At 206, an in-cylinder temperature profile may be estimated by the IR sensor. The in-cylinder temperature profile may reflect heat generated in the cylinder and/or released from the cylinder over the course of a cylinder combustion event. For example, the cylinder temperature may be lower during an intake stroke when fresh intake air is received in the cylinder. Then, during a compression stroke, as an air-fuel mixture is compressed, a slight increase in temperature may be observed. Following the laser ignition event, during a compression stroke, ignition of the compressed air-fuel mixture may lead to combustion and a sudden increase in cylinder temperature. Finally, during an exhaust stroke, as the products of combustion are released from the cylinder, a cylinder temperature may fall. Thus, if combustion occurs in the cylinder as expected, a cylinder temperature profile with a peak at or around the compression stroke, at a threshold time since the laser ignition event, may be observed.

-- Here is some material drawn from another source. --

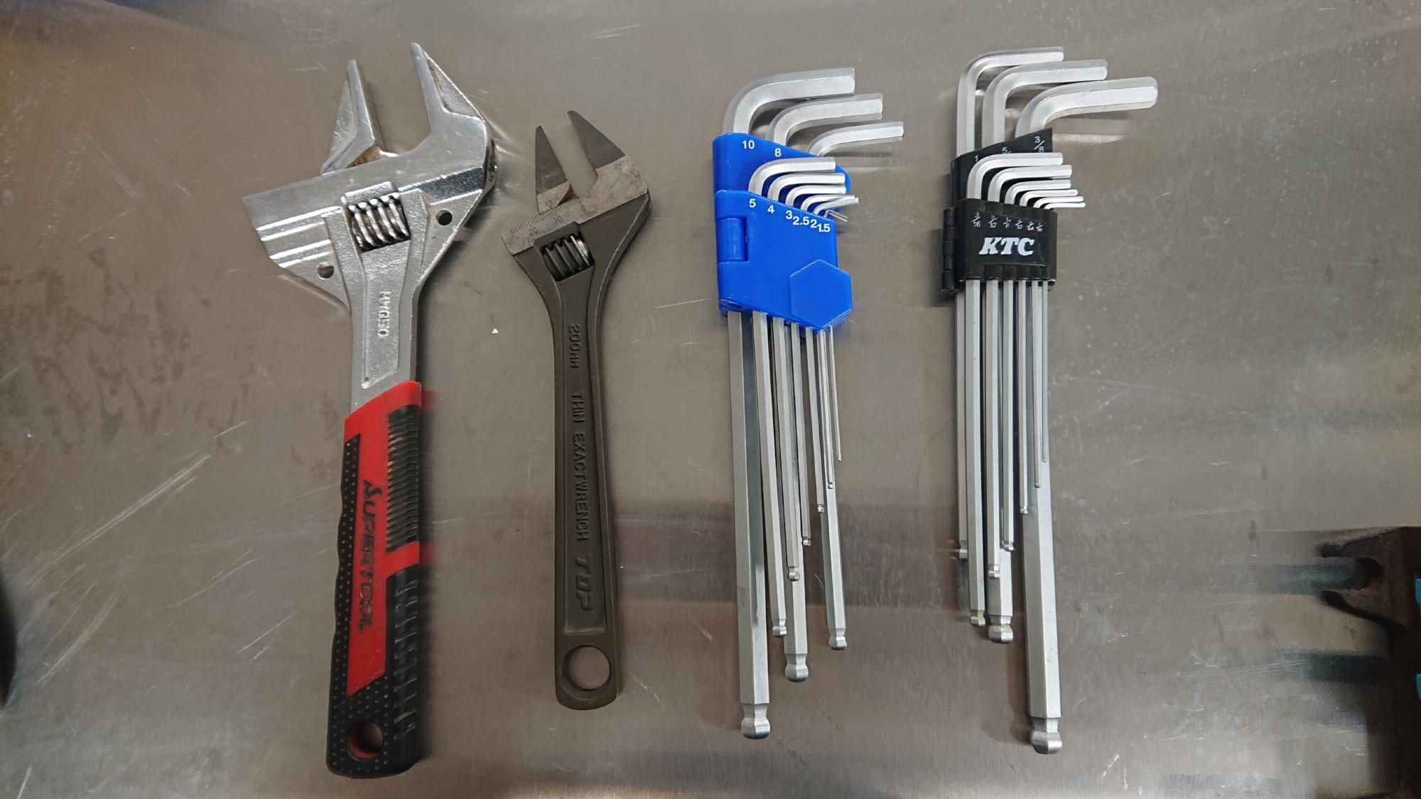 - 樹脂製のハンドルはインチサイズの留めネジで留まっているので,登場シーンは少ないですが,インチサイズ六角レンチ(図69中最右)が必要になります.

At 208, it may be determined if the estimated temperature profile sensed by the cylinder IR sensor matches the expected combustion profile. As such, the expected combustion profile may include an in-cylinder peak temperature that is higher than a threshold temperature. Further, the expected combustion profile may include a peak temperature that occurs at a timing that is after a threshold duration since the operation of the laser ignition device. However, in the event of a misfire event, incomplete combustion may occur. As a result, an amount of heat generated in the cylinder may be substantially lower. Thus, the peak in-cylinder temperature may be lower than the threshold temperature. Further, a timing of the peak temperature in the temperature profile may lie outside of (e.g., later than) the threshold duration since the operation of the laser ignition device.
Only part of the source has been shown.